SHAREHOLDER PROPOSALS

The following Shareholder Proposals have been submitted on behalf of Christopher E. Damas of 55 Constance Street, Toronto, ON M6R 1S5 for consideration at the Annual and Special Meeting of Shareholders. The proposals and the supporting statements, which, following their submission to the Corporation and with the consent of the Corporation, were subsequently amended, are set out in their entirety in italics below:

PROPOSAL NO. 1

Increase the number of directors unrelated to management and unrelated to Brascan to reflect the percentage equity and voting interest of the public shareholder.

    The exact number of such directors will vary depending on the success of the proposed Merger with Falconbridge and the proposed Issuer Bid, announced on March 9, 2005.

Statement in Support of this Proposal:

Last year's fourteen-member Board represented an even split between seven Brascan-related and management-related directors, and seven unrelated directors, even though the public shareholder had a majority 58.7% interest in the Corporation.As recently as 1997-1998, the Board of Noranda had 16 directors. This was downsized to 14 at the 1999 Annual General Meeting.

    TSX Guidelines for Corporate Governance require boards of corporations with a significant shareholder to "include a number of directors who do not have interests in or relationships with either the corporation or the significant shareholder and which fairly reflects the investment in the corporation by the shareholders other than the significant shareholder" (Section 474-2).

    NYSE Rules on Corporate Governance state that "no director qualifies as "independent" unless the board of directors affirmatively determines that the director has no material relationship with the listed company (either directly or as a partner, shareholder or officer of an organization that has a relationship with the company)" (Section 303A-2a).

    Brascan's 41.3% equity and voting interest in Noranda at market value represented approximately 10% of Brascan's assets, as of December 31, 2004. The objectives of Brascan cannot, nor can they reasonably be perceived to be, exactly the same as Noranda's.

    The Brascan common share interest is scheduled to decline to approximately 29% under the terms of a proposed Merger with Falconbridge. The number of Brascan-related directors should be limited to their percentage common equity and voting interest.

    The Board should consist of a proportion of directors unrelated to Brascan and unrelated management to properly reflect the final percentage equity and voting interest of the public shareholder.

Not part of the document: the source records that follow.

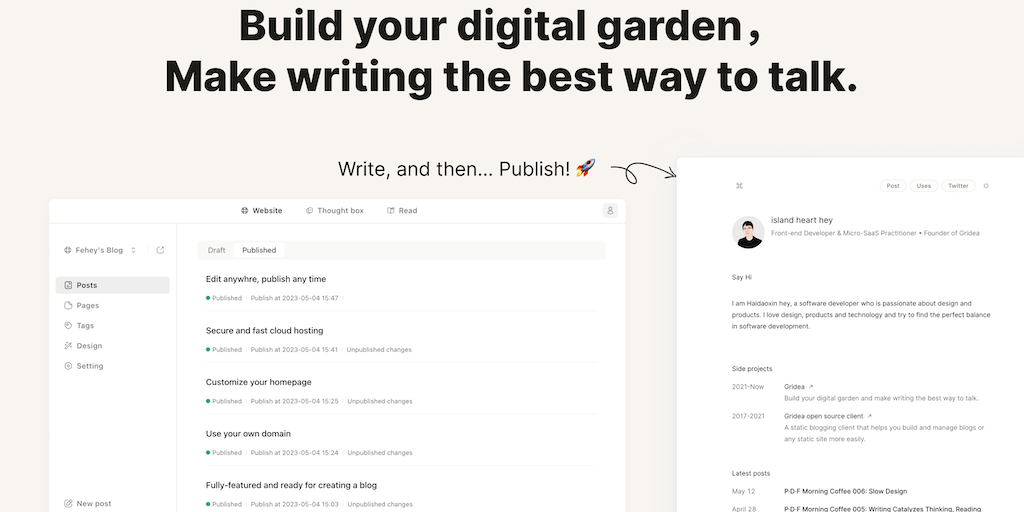 Gridea - Build Your Digital Garden, Write, and Publish with Ease | Product Hunt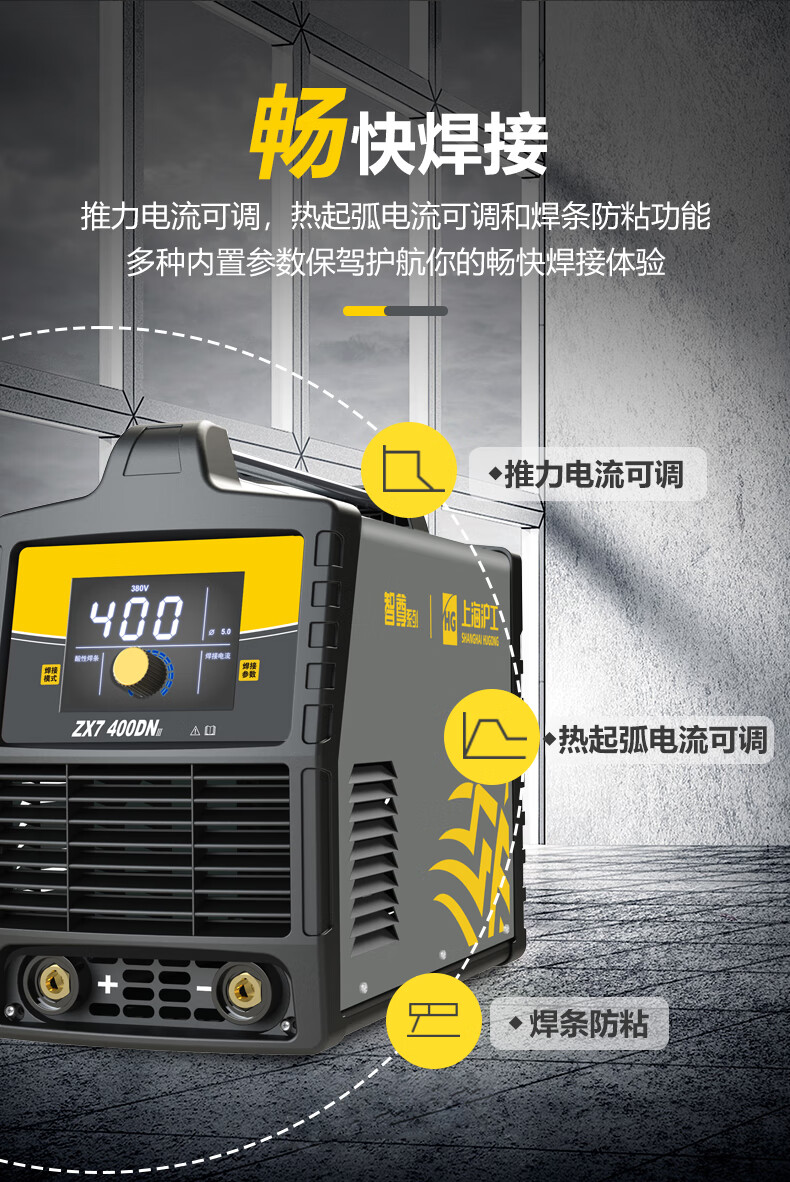 上海沪工 ZX7-400DN III电焊机5.0焊条长焊 220v 380v 智能双电压两用全自动逆变工业极电焊机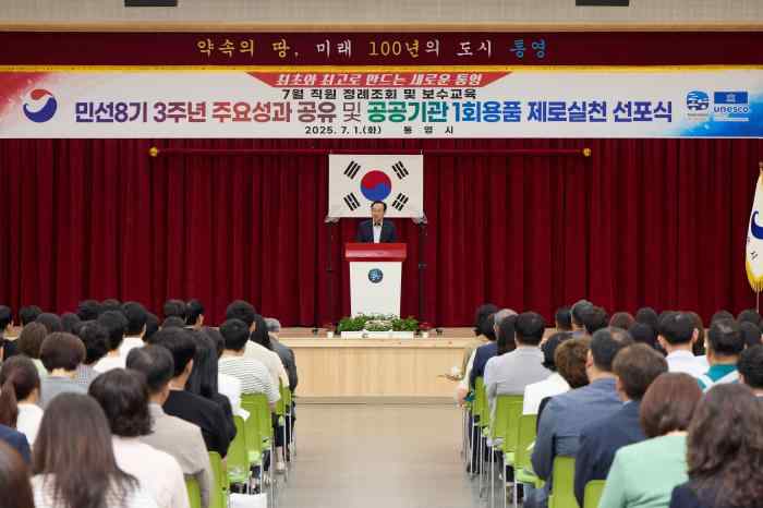 통영시(시장 천영기)는 7월 1일 시청 강당에서 직원 250여 명이 참석한 가운데 민선 8기 4년 차를 시작하는 첫 정례조회를 열고, 지난 3년간의 주요 시정 성과를 되돌아보는 시간을 가졌다.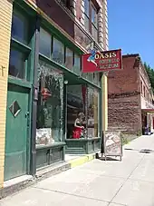 A mining community with a "work hard, play hard" attitude, Wallace became well known for a permissive approach toward drinking, gambling and decriminalized prostitution.[26] From 1884 to 1991, illegal yet regulated brothel-based sex work openly flourished because locals believed that sex work prevented rape and bolstered the economy, so long as it was regulated and confined to the northeastern part of town.[27] Throughout the rest of the country, progressive era politics drove red-light districts underground, but madams in Wallace enjoyed unprecedented status as influential businesswomen, community leaders, and philanthropists.[27] Between 1940 and 1960, for example, an average of 30 to 60 women came into town to work in one of the five well-established brothels.[28]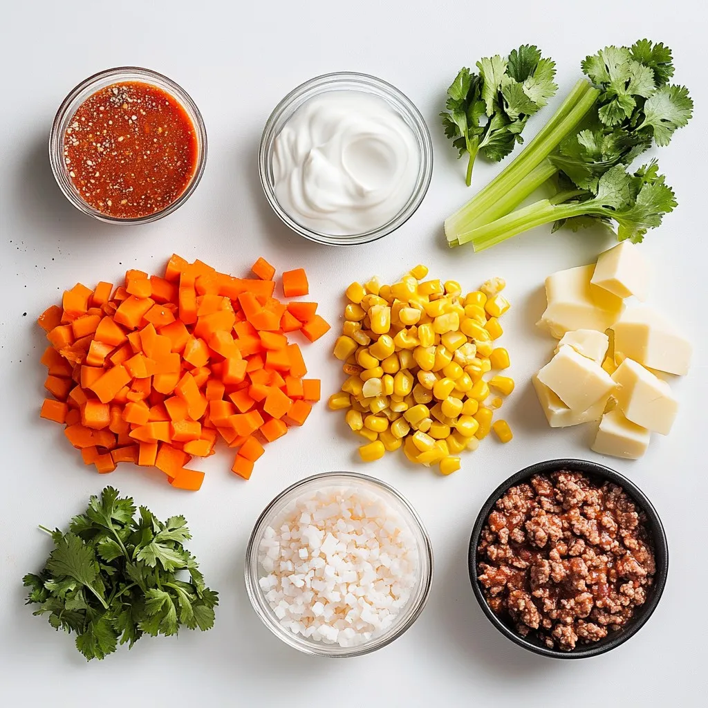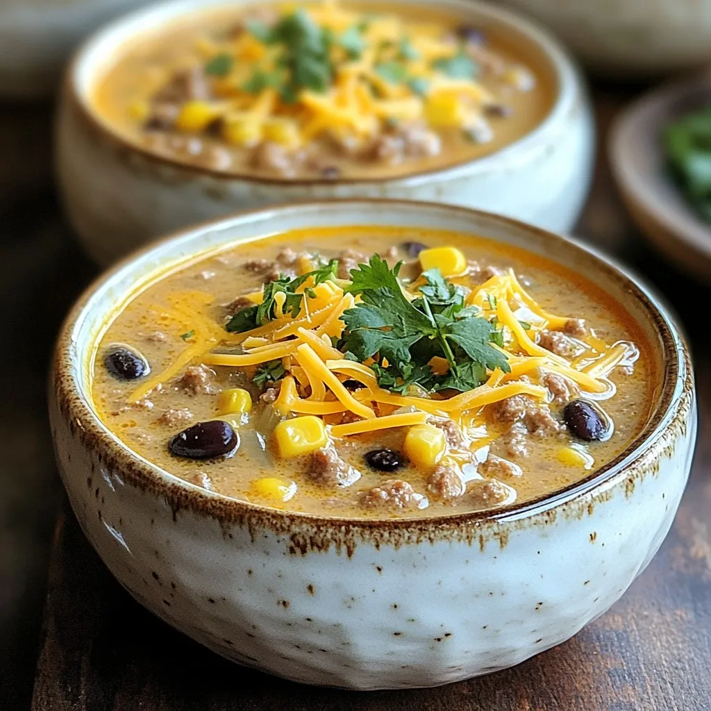 A hearty and creamy soup filled with ground beef, vegetables, and beans, perfect for a comforting meal.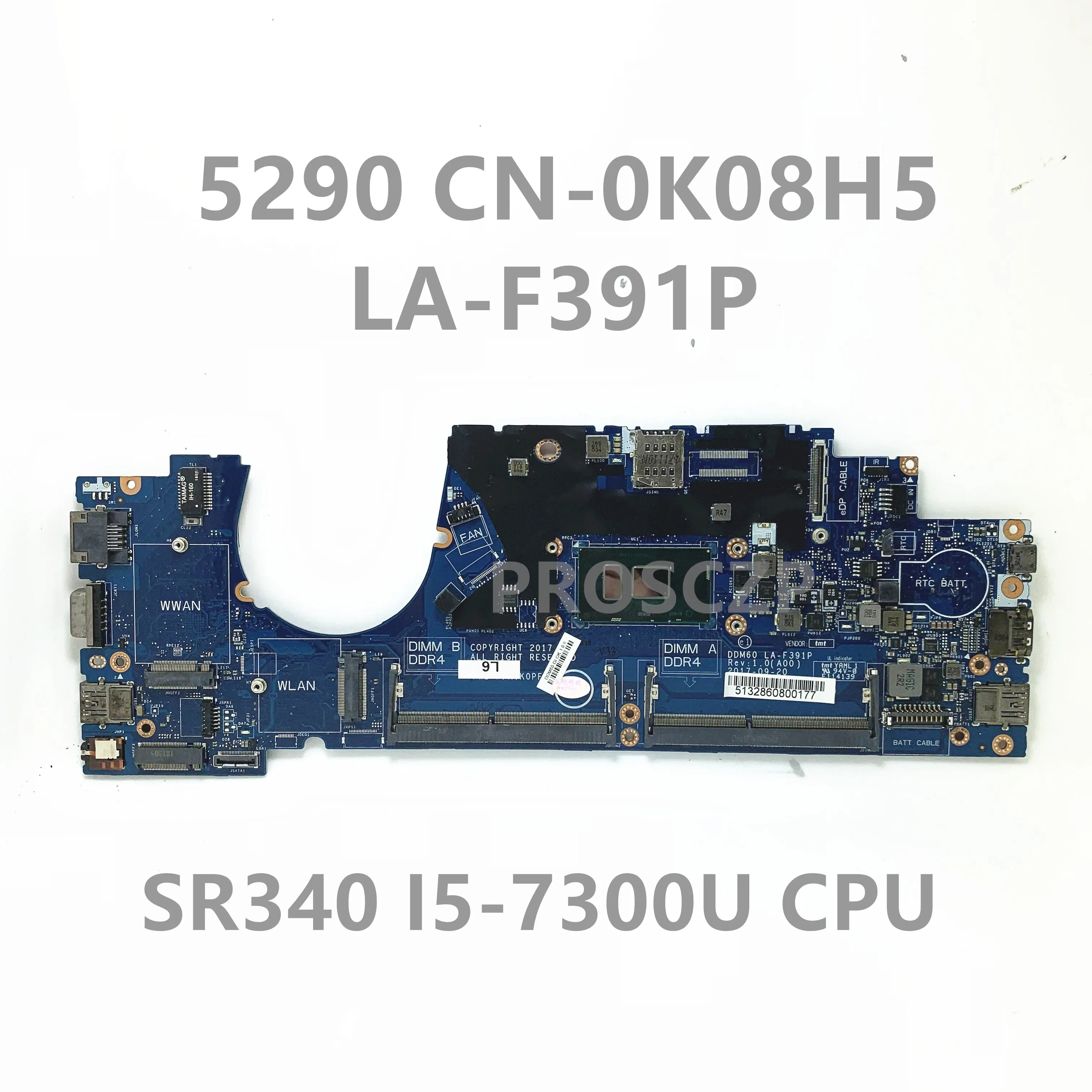 Материнская плата CN-0K08H5 0K08H5 K08H5 для DELL 5290, материнская плата для ноутбука DDM60, модель с процессором SR340 I5-7300U, 100% Полная работа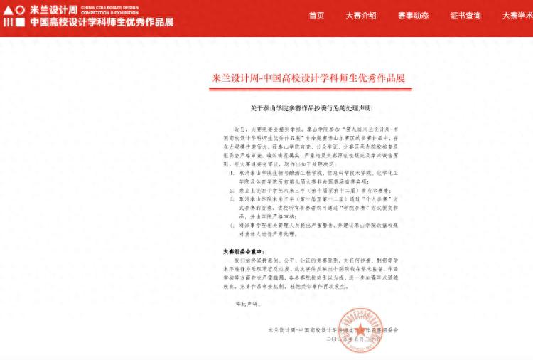 5月30日,“第九届米兰设计周-中国高校设计学科师生优秀作品展”赛事组委会在官网发布《关于泰山学院参赛作品抄袭行为的处理声明》(以下简称:声明)。声明称,组委会接到举报,经泰山学院自查、公众举证、承办院校核查以及组委会审查等多个程序,最终确认该校多个学院提交至“非命题赛场山东赛区”的参赛作品存在大规模抄袭行为,严重违反赛事原创性与学术诚信原则。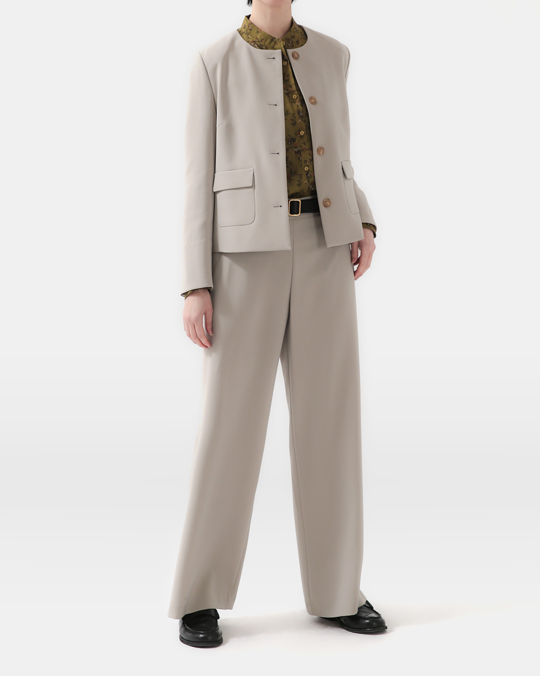 세트로 출시된 재킷과 함께 매치하면 모던한 수트 룩을, 셔트나 니트와 함께 코디하면 편안하면서도 격식 있는 스타일로 즐길 수 있습니다. 베이지와 블랙 두 가지 컬러로 만나보세요. 55, 66, 77 사이즈로 준비했어요. 단정하면서도 감각적인 룩을 원하신다면, 이 세트가 정답입니다 😘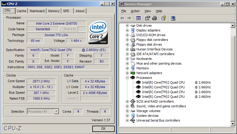 La cagada de este quad core no esta en los 4 nucleos sino en la forma en la que estan montandos. Comparten bus, con lo cual un bus de 266 quad pumped, en un core 2 duo es suficiente, pero para 2 procesadores con 2 nucleos embutidos se puede quedar corto. La otra "cagada" es que son 2 core 2 duo metidos "tal cual", al menos por lo que tengo entendido. Esto supondria que para colaborar entre ellos tirarian de bus, en vez de la cache compartida(una de los grandes logros de los core 2 duo), ya que solo esta compartida de 2 en 2 nucleos, es decir los 8 megas de cache de este procesador estan partidos en 2 de 4MB... me parece una chapuza la verdad, creo que es mejor opcion una placa con 2 sockets y cada socket con su propio bus.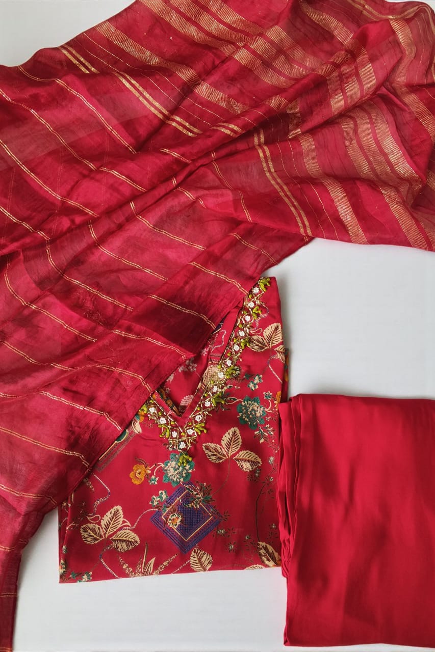 A graceful maroon red mul cotton suit set adorned with a delicate embroidered neckline and soft striped dupatta. Perfect blend of comfort and festive charm — ideal for celebrations and ethnic gatherings.

Recommendation of the Board of Directors:

The composition of the Board of Directors is reviewed and assessed at least annually by the Governance Committee and by the full Board who are of the view that Brascan's representation on the Board (see "ELECTION OF DIRECTORS" and "STATEMENT OF CORPORATE GOVERNANCE PRACTICES — BOARD OF DIRECTORS — Composition and Size") is in line with its ownership position and will continue to be so upon completion of the Preference Share Exchange Offer and the Falconbridge Offer. As set out in this Circular, under the terms of the Support Agreement following completion of the Falconbridge Offer, the Corporation will take appropriate action to add five additional independent directors (unrelated to Brascan) and Brascan will have one less representative on the new 17-member Board. The Corporation believes that both the nominees for election at the Meeting and the proposed members of the Board contemplated by the Support Agreement are appropriate in the circumstance. See "ELECTION OF DIRECTORS".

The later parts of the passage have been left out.